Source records
Segment Open

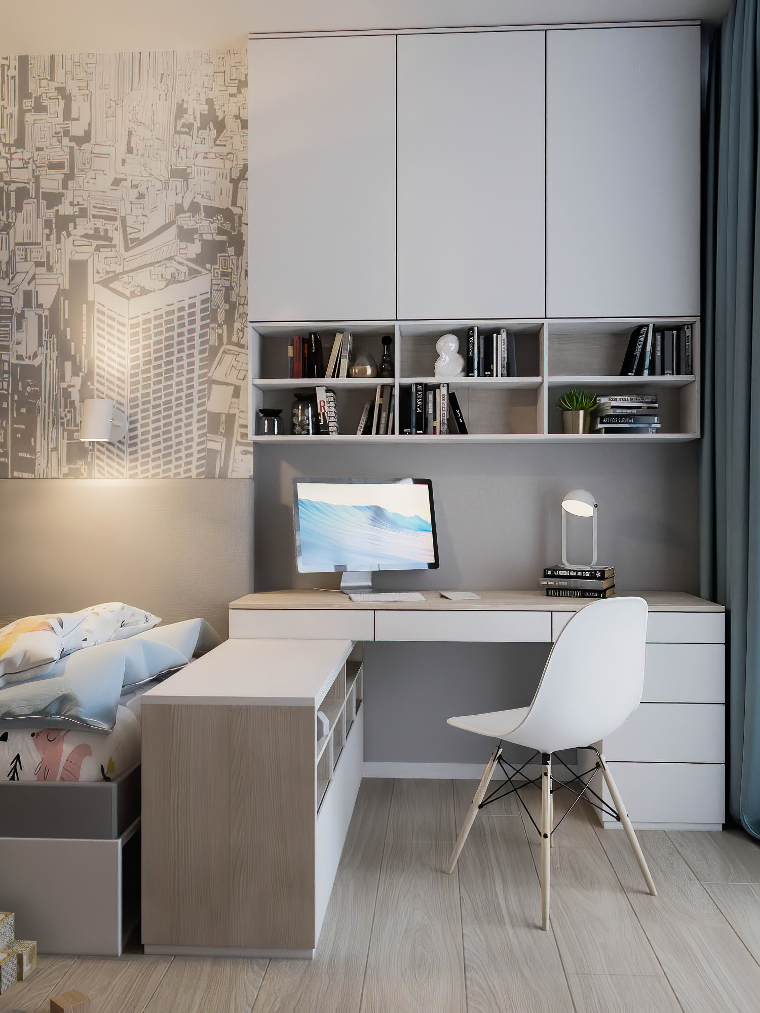 Встроенный стол для школьника для дома — тоже неплохое решение, так как он способен выполнять несколько функций. Это может быть продолжение подоконника или элемент многофункциональной мебельной конструкции. Такой стол проще всего вписать в стиль интерьера, так что о нем нужно подумать на этапе планировки комнаты.
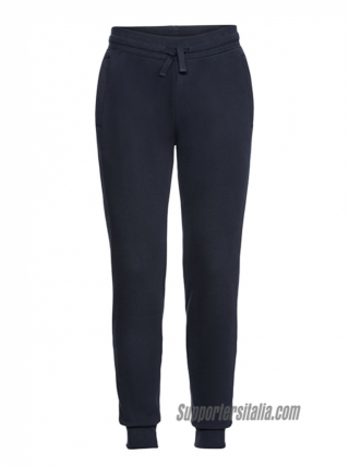 Pantalon coupe contemporaine, deux poches passepoilées du même tissu avec zip invisible, poche arrière avec patch, cordon plat à la taille avec boutonnières, poignets et taille côtelés, intérieur en peluche.
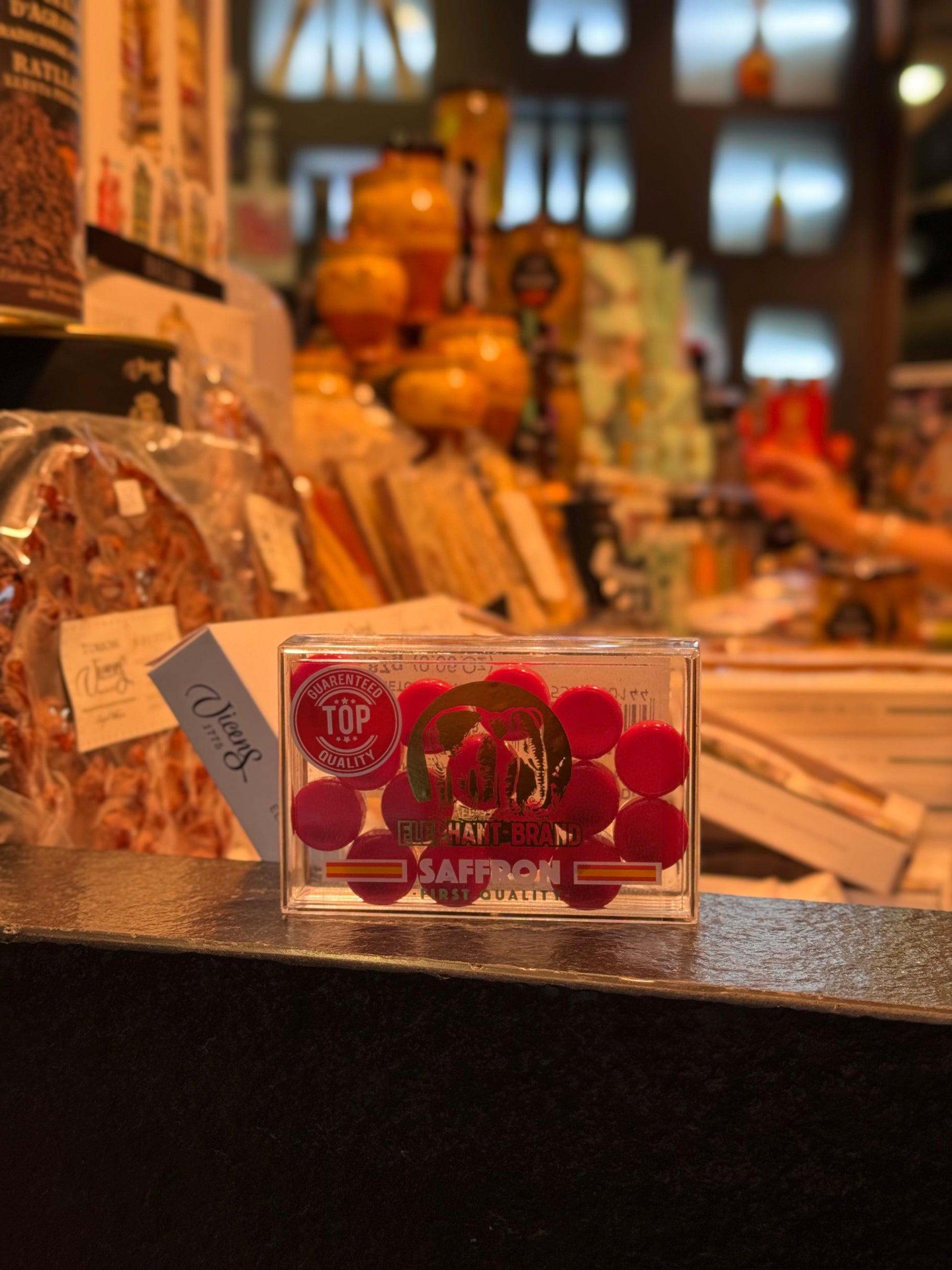 Caja de azafrán en polvo de la marca Elephant Brand con quince cápsulas de 0.125g cada una (azafranes Alberola de Novelda, España).
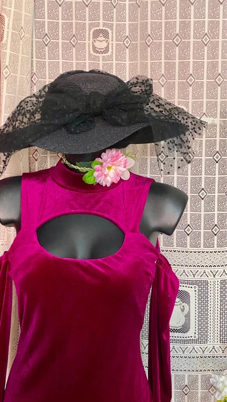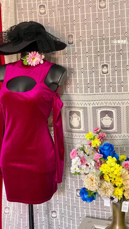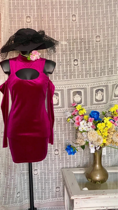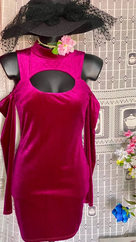 Questo tubino in velluto fucsia scuro elastico è il capo che stavi cercando per elevare il tuo stile. Le coppe interne modellanti offrono una vestibilità impeccabile, mentre il taglio a oblò sul petto aggiunge un tocco di originalità che cattura lo sguardo. Le maniche lunghe in velluto morbido e lussuoso creano una silhouette elegante e moderna, perfetta per chi non scende a compromessi con la qualità. Indossalo a cene raffinate, serate speciali o eventi importanti: questo abito trasforma ogni momento in un'occasione memorabile, regalandoti la sicurezza di chi sa di essere impeccabile
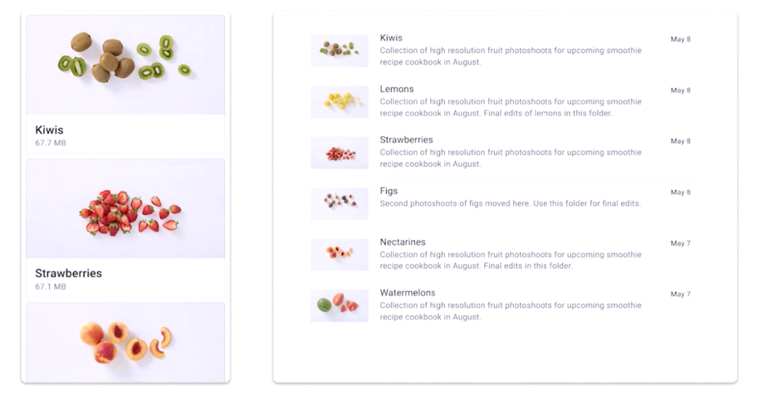指南中的组合部分带您了解如何充分利用屏幕空间以保障可读性,并且以尊重用户心智模型的方式在不同的场景下合理排布重要内容和操作选项。包括适当缩放以展示更多内容,如示例中的副标题和日期,以及较小的组合技术,例如在紧凑型的布局中对内容进行视觉分组并保持其相关性等。
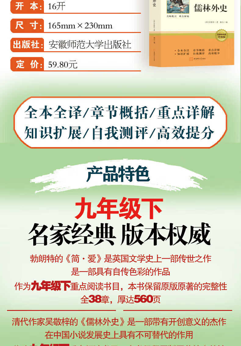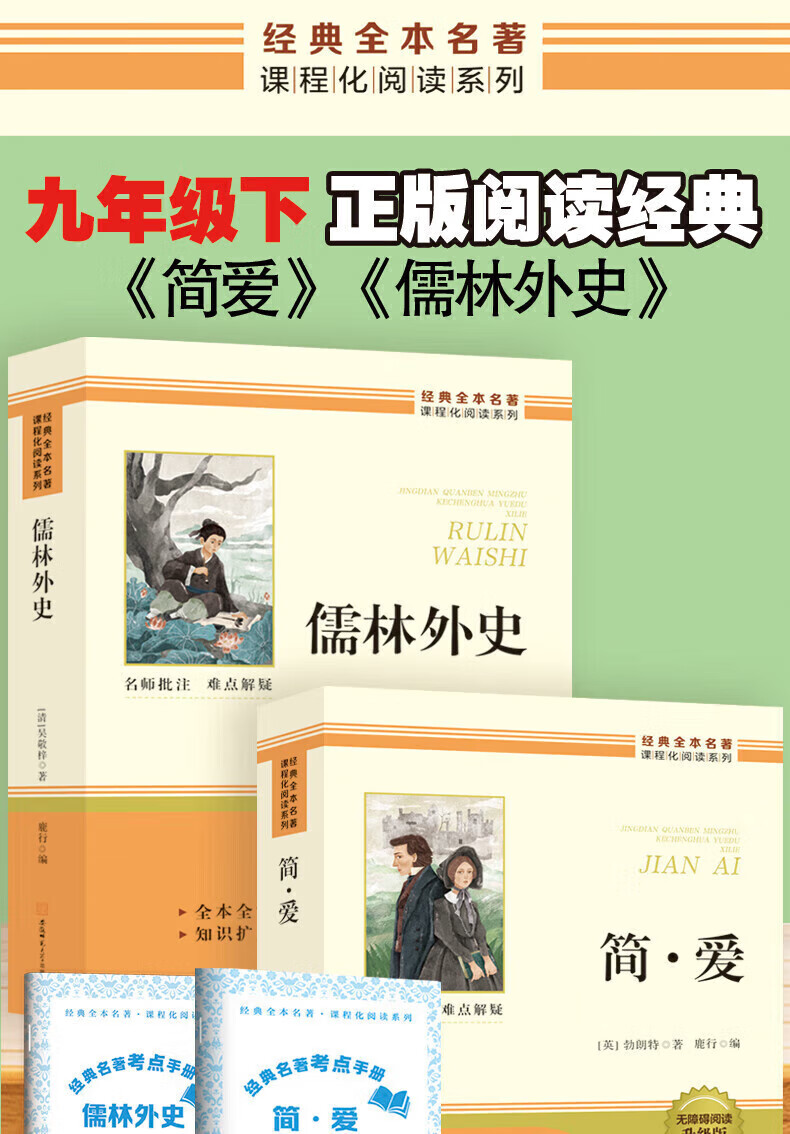当当【官方正版包邮】儒林外史 简爱和儒林外史 吴敬梓原著全套九年级下册必读正版课外阅读书籍推荐 水浒传 唐诗三百首 初中生初三9下学期语文书目文学名著 儒林外史简爱人民教育出版社 【热销2册】儒林外史
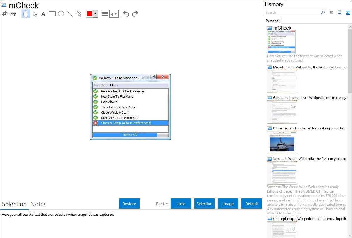 Flamory helps you capture and store screenshots from mCheck by pressing a single hotkey. It will be saved to a history, so you can continue doing your tasks without interruptions. Later, you can edit the screenshot: crop, resize, add labels and highlights. After that, you can paste the screenshot into any other document or e-mail message.
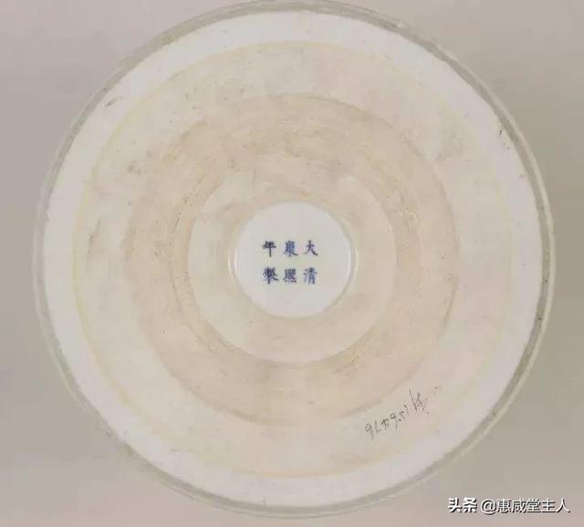 再说玉壁圈足底,清代玉璧足的精品多出自康熙、雍正时期,康熙玉壁底胎质尤为沉重,内多间杂黑或黄色的小斑点,但瓷质好,工艺好,手抚釉面平爽,份量较重。康熙的中后期在玉璧形削足的内足里广泛运用同心圆状的旋纹,其份量略轻。雍正朝玉璧足出现了削足过肩的现象,乾隆玉璧足在胎质及制作工艺上远不及康、雍,嘉道以后玉璧足逐渐消失,总体看清代的削足还是以带釉底的削足为主体。
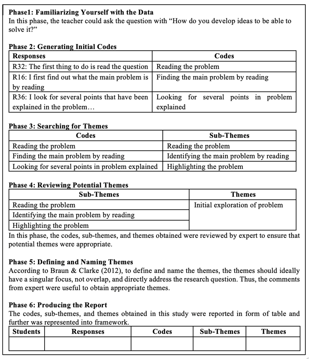 To analyse the qualitative data, this study used thematic analysis by [25]. Thematic analysis technique has been used by previous researchers to understand the process (though process and cognitive process) [26]-[27]. Thematic analysis was used to analyse data from Think Aloud Protocol and Interview Protocol because both produce qualitative data. In Think Aloud Protocol, thematic analysis helps identify themes in the creative process of students. While in Interview Protocol, this analysis was used to find the main themes in the participants’ responses that describe scientific creativity process after using the module. Both types of protocols can provide in-depth insights through the identification of recurring codes and themes, making thematic analysis very suitable for analyzing qualitative data. Thematic analysis consists of 5 phases namely: Phase1: Familiarizing Yourself with the Data, Phase 2: Generating Initial Codes, Phase 3: Searching for Themes, Phase 4: Reviewing Potential Themes, Phase 5: Defining and Naming Themes, and Phase 6: Producing the Report. The following is example of how thematic analysis was conducted.
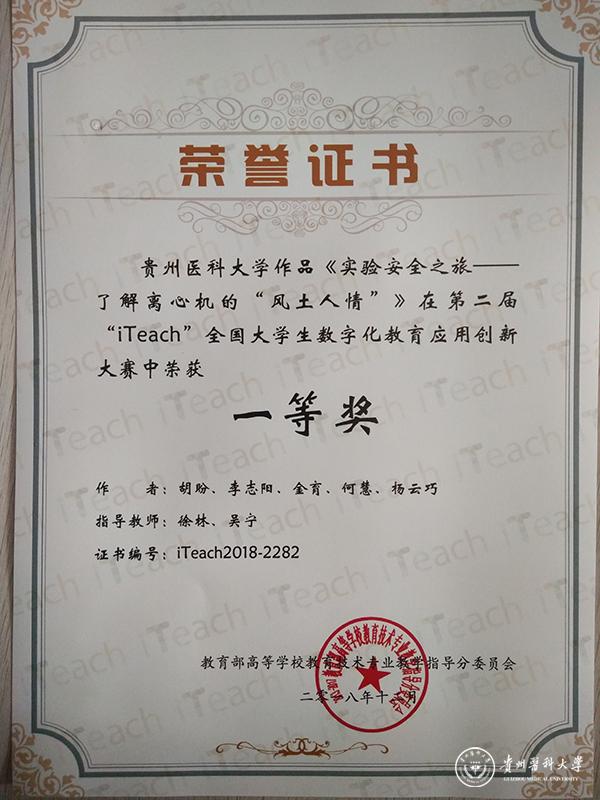 本次大赛由高等学校教育技术教学指导分委员会、华中师范大学主办。大赛以“信息化+教育应用+创新”为主题,旨在引领高校大学生关注教育发展、理解教育需求的同时,面向真实需求进行作品开发,通过学以致用的实践培养创新能力和合作意识,提高综合素质。参赛对象面向全国(含港、澳、台)普通高等学校的全日制在籍在读大学生。永利官网基础医学院吴宁、电化教学中心徐林老师指导选手胡盼、李志阳、金育、何慧、杨云巧的作品《实验室安全之旅—了解离心机的风土人情》进入决赛,并荣获一等奖。

Segment Closed

What is expected: The answer is the lines above from the one with "Flamory helps you" to the one with "再说玉壁圈足底,清代玉璧足的", set down exactly, with no pictures.

Answer to this problem:
 Flamory helps you capture and store screenshots from mCheck by pressing a single hotkey. It will be saved to a history, so you can continue doing your tasks without interruptions. Later, you can edit the screenshot: crop, resize, add labels and highlights. After that, you can paste the screenshot into any other document or e-mail message.
 再说玉壁圈足底,清代玉璧足的精品多出自康熙、雍正时期,康熙玉壁底胎质尤为沉重,内多间杂黑或黄色的小斑点,但瓷质好,工艺好,手抚釉面平爽,份量较重。康熙的中后期在玉璧形削足的内足里广泛运用同心圆状的旋纹,其份量略轻。雍正朝玉璧足出现了削足过肩的现象,乾隆玉璧足在胎质及制作工艺上远不及康、雍,嘉道以后玉璧足逐渐消失,总体看清代的削足还是以带釉底的削足为主体。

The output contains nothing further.